All these technologies should be leveraged in a coordinated way. Importantly, keep software and agent tools up to date (EDR, AV, etc., on all endpoints) and manage device health via Intune or similar so that only trusted devices access Azure resources (Security Should Be Your Priority: Why Partners Need to Join Mission 65 – MicroWarehouse). By taking advantage of Azure’s native security capabilities and enforcing them consistently, you create a strong technical backbone for your security-first culture.

2025 Mandates: MFA Enforcement and Secure Score Requirements

The push for a security-first approach is not just coming from within organizations—Microsoft itself is raising the floor on security requirements for all Azure and Microsoft 365 tenants. As of 2024–2025, two major initiatives are in play that IT professionals must be aware of: mandatory MFA enforcement and the drive for improved Secure Scores.

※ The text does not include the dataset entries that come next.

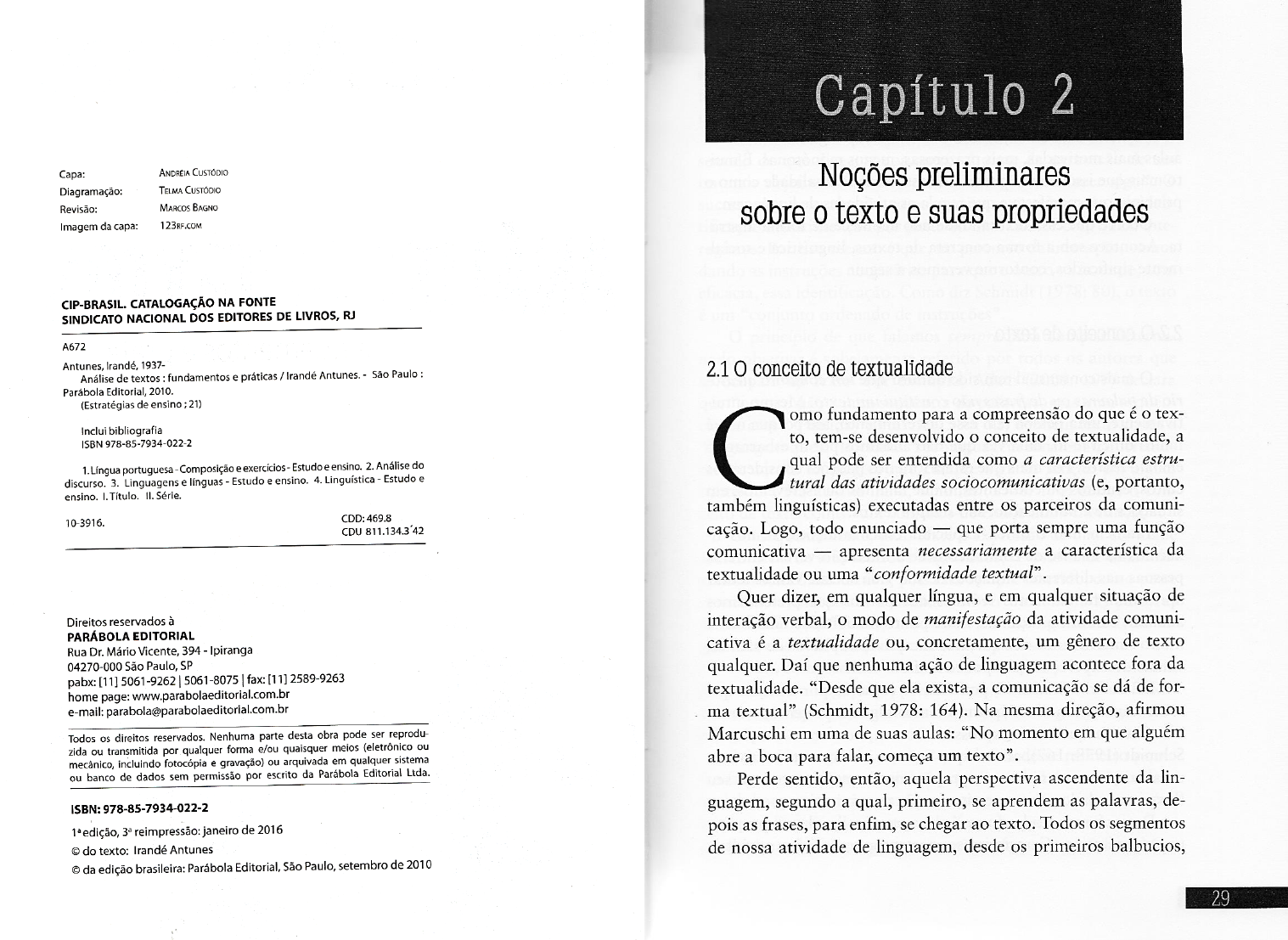 Capítulo 2 Capa: ANDRÉIA CUSTÓDIO TELMA CUSTÓDIO Noções preliminares Diagramação: Revisão: Marcos Imagem da capa: 123RF.COM sobre 0 texto e suas propriedades CIP-BRASIL. CATALOGAÇÃO NA FONTE SINDICATO NACIONAL DOS EDITORES DE LIVROS, RJ A672 Antunes, Irandé, Análise de textos fundamentos e práticas / Irandé São Paulo 2.1 conceito de textualidade Parábola Editorial, 2010. (Estratégias de ensino 21) omo fundamento para a compreensão do que é o tex- Inclui bibliografia ISBN 978-85-7934-022-2 1. Língua portuguesa Composição e exercícios Estudo e ensino. 2. Análise do C to, tem-se desenvolvido o conceito de textualidade, a qual pode ser entendida como a característica estru- discurso. 3. Linguagens e línguas Estudo e ensino. 4. Linguística Estudo e tural das atividades sociocomunicativas (e, portanto, ensino. II. Série. também linguísticas) executadas entre os parceiros da comuni- 10-3916. CDD: 469.8 CDU cação. Logo, todo enunciado que porta sempre uma função comunicativa apresenta necessariamente a característica da textualidade ou uma "conformidade textual". Quer dizer, em qualquer língua, e em qualquer situação de Direitos reservados à interação verbal, o modo de manifestação da atividade comuni- PARÁBOLA EDITORIAL Rua Dr. Mário Vicente, 394 Ipiranga cativa é a textualidade ou, concretamente, um gênero de texto 04270-000 São Paulo, SP qualquer. Daí que nenhuma ação de linguagem acontece fora da pabx: 5061-8075 fax: [11] 2589-9263 home page: textualidade. "Desde que ela exista, a comunicação se dá de for- e-mail: parabola@parabolaeditorial.com.br ma textual" (Schmidt, 1978: 164). Na mesma direção, afirmou Todos os direitos reservados. Nenhuma parte desta obra pode ser reprodu- Marcuschi em uma de suas aulas: "No momento em que alguém zida ou transmitida por qualquer forma e/ou quaisquer meios (eletrônico ou mecânico, incluindo fotocópia e gravação) ou arquivada em qualquer sistema abre a boca para falar, começa um texto". ou banco de dados sem permissão por escrito da Parábola Editorial Ltda. Perde sentido, então, aquela perspectiva ascendente da lin- ISBN: 978-85-7934-022-2 guagem, segundo a qual, primeiro, se aprendem as palavras, de- reimpressão: janeiro de 2016 pois as frases, para enfim, se chegar ao texto. Todos os segmentos do texto: Irandé Antunes de nossa atividade de linguagem, desde os primeiros balbucios, da edição brasileira: Parábola Editorial, São Paulo, setembro de 2010 29CAPÍTULO 2 Noções preliminares sobre 0 texto e suas propriedades são entendidos e classificados como partes funcionais de um todo integrado: o texto. eminentemente funcional, no sentido de que a ele recorremos com Fazer da textualidade o objeto de ensino não é, pois, ceder às uma finalidade, com um objetivo específico, nem que seja, simples- teorias da moda, ou um jeito de como dizem alguns deixar as mente, para não ficarmos calados. aulas mais motivadas, mais prazerosas, menos monótonas. É mui- Assim, nada do que dizemos é destituído de uma intenção. O to mais que isso: é uma questão de assumir a textualidade como o sentido do que dizemos aos outros é parte da expressão de um princípio que manifesta e que regula as atividades de linguagem. ou mais objetivos. Falamos com a intenção de "fazer algo". Ocorre que essa textualidade não acontece de forma abstra- sucesso de nossa atuação comunicativa está, sobretudo, na iden- ta. Acontece sob a forma concreta de textos, linguística e social- tificação dessa intenção por parte do interlocutor com quem inte- mente tipificados, conforme veremos a seguir. ragimos. Por isso mesmo é que, no percurso da interação, vamos dando as instruções necessárias para que o outro vá fazendo, com eficácia, essa identificação. Como diz Schmidt (1978: 80), o texto 2.2 O conceito de texto é um "conjunto ordenado de instruções". O princípio de que falamos sempre para cumprir determi- O mais consensual tem sido admitir que um conjunto aleató- nado objetivo é sobejamente referido por todos os autores que rio de palavras ou de frases não constitui um texto. Mesmo intui- se ocupam do texto. Por exemplo, Adam (2008: 107) declara tivamente, uma pessoa tem esse discernimento, até porque não é que texto não é uma sequência de palavras, mas uma sequên- muito difícil tê-lo, uma vez que não andamos por aí esbarrando cia de atos". Halliday e Hasan (1989: 52) definem texto como a em não textos. Por mais que esteja fora dos padrões considerados "linguagem que é funcional. Por linguagem funcional, queremos cultos, eruditos ou edificantes, o que falamos ou escrevemos, em referir aquela linguagem que cumpre alguma função em algum contexto". Na mesma linha, Schmidt (1978: 170) define o con- situações de comunicação, são sempre textos. ceito de texto como "um Também não é difícil explicitar essas intuições, se nos fi- Consequentemente, todo texto é expressão de uma atividade xarmos na análise de como acontece a interação verbal entre as social. Além de seus sentidos linguísticos, reveste-se de uma rele- pessoas nas diferentes situações de sua vida social. Vamos tentar vância sociocomunicativa, pois está sempre inserido, como parte apresentar fundamentos teóricos dos pontos que pretendemos constitutiva, em outras atividades do ser humano. Nas palavras analisar, embora o façamos, neste ponto do livro, de uma forma de Marcuschi (2008: 23), "não existe um uso significativo da lín- muito sumária, uma vez que, nos sucessivos capítulos de análise, gua fora das inter-relações pessoais e sociais situadas". vamos desenvolvê-los um pouco mais. Assim, compreender um texto é uma operação que vai além 2.2.1. Primeiramente, poderíamos começar por lembrar que de seu aparato linguístico, pois se trata de um evento comunica- recorremos a um texto quando temos alguma pretensão comu- tivo em que operam, simultaneamente, ações linguísticas, sociais n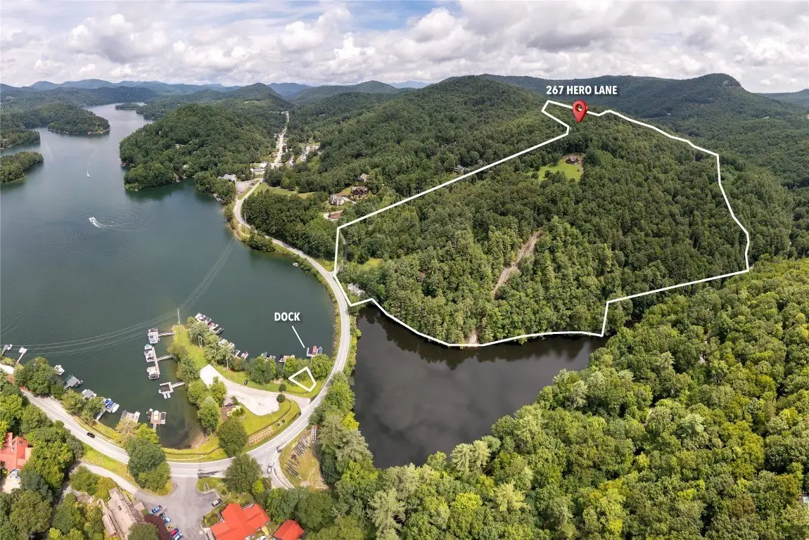 Opportunities like this don't come around every day! Owned by the same family for generations, now ready for the next chapter! Imagine living in a log cabin perched on a hill with breathtaking views of Lake Glenville, framed by the Blue Ridge Mountains. From this incredible vantage point, the home is nestled within approximately 112 acres of peaceful privacy. Designed for outdoor living, it features wraparound decking, a large grassy yard, and a patio with a fire pit. Relax on the deck and watch boats on the lake or gather with loved ones for cozy evenings by the fire. Inside, the traditional log cabin charm is highlighted by oversized windows that reveal the natural beauty of your surroundings. A stone fireplace adds warmth to the inviting great room. An upstairs loft and additional living space downstairs provide ample room to spread out and entertain guests. In addition to the exceptional views, the expansive property features pond and stream frontage. Direct access to Jenkins Lake is the perfect spot to add a dock for fishing or simply as a launching pad for your pups to enjoy the cool, refreshing water. For those looking to build a custom creation, this home is a great starting point for constructing a dream home on the property, with an excellent, flat building site located just above the house. The site is just one of many on the property, offering privacy, a usable yard, and breathtaking long-range views of the mountains and lake. Located just minutes from downtown Cashiers, this large tract of land offers endless possibilities. Whether creating a family compound, exploring development opportunities with potential homesites providing stunning views, or enjoying it as a private mountain retreat, the property delivers unmatched versatility. And with a successful vacation rental history, the home provides an immediate opportunity. It is a haven for outdoor enthusiasts, complete with hiking and UTV trails within the private property, easy access to Lake Glenville, and the cozy town of Cashiers. The home has two boat slips at Cedar Point that are not included but could be purchased. The possibilities of this property are truly limitless!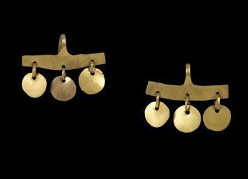 | Keywords: Panamanian - Pair of Earrings with Flat Bar and Three Suspended Discs - Walters 57351, 57352.jpg between 800 1521 Pre-Early Conquest gold alloy cm 3 3 accession number 57 351 57 352 85496 Found at a graveyard between Divalá a village on the outskirts of settled Panama thirty miles west of David in the province of Chiriqui and Costa Rica Spring 1909 Tiffany Co New York 1910 by purchase from Indians see December 29 1910 correspondance from Tiffany Co to Henry Walters Henry Walters city Baltimore Walters Art Museum Henry Walters Acquired by Henry Walters 1911 place of origin Veraguas-Gran Chiriquí in present-day Panama Walters Art Museum license Pre-Columbian art in the Walters Art Museum Jewellery in the Walters Art Museum Pre-Columbian metalwork of Panama Media contributed by the Walters Art Museum needs category review |

Mandatory MFA by Microsoft: Microsoft announced that it will require multifactor authentication for all users signing into Azure services, rolling out in phases. Phase 1 starts in October 2024, when MFA becomes required to sign in to the Azure Portal, Microsoft Entra ID admin center, and Intune admin center (Plan for mandatory Microsoft Entra multifactor authentication (MFA) – Microsoft Entra ID | Microsoft Learn). This enforcement will be gradually enabled on all tenants. By early 2025 (around February), this requirement will extend to the Microsoft 365 Admin Center as well (Plan for mandatory Microsoft Entra multifactor authentication (MFA) – Microsoft Entra ID | Microsoft Learn). Phase 2, later in 2025, will enforce MFA for command-line and automation scenarios: Azure CLI, Azure PowerShell, the Azure mobile app, and infrastructure-as-code tools will all require MFA for login (Plan for mandatory Microsoft Entra multifactor authentication (MFA) – Microsoft Entra ID | Microsoft Learn). In practical terms, this means if a user (especially a privileged user) tries to access these interfaces without having MFA configured, they will be blocked. Organizations should prepare now: ensure every user has MFA set up (at least via an authenticator app or phone, if not more advanced methods). Identify any service accounts or scripts using basic authentication—those won’t be able to do interactive MFA, so Microsoft recommends migrating such scenarios to workload identities (managed identities or service principals) which are exempt from the user MFA requirement (Plan for mandatory Microsoft Entra multifactor authentication (MFA) – Microsoft Entra ID | Microsoft Learn). The mandatory MFA rollout underscores the importance of MFA (no one will be able to claim “it’s optional” anymore), and it aligns with the fact that it foils 99% of attacks on accounts (Announcing mandatory multi-factor authentication for Azure sign-in | Microsoft Azure Blog). Come 2025, if you haven’t enabled MFA in your Azure tenant, Microsoft will effectively flip it on for you—so it’s far better to proactively implement it on your own terms. Global administrators have the ability to postpone the enforcement for a few months (Microsoft allows deferral until Sept 30, 2025 for complex cases) (Plan for mandatory Microsoft Entra multifactor authentication (MFA) – Microsoft Entra ID | Microsoft Learn), but the direction is clear: MFA will soon be a universal prerequisite.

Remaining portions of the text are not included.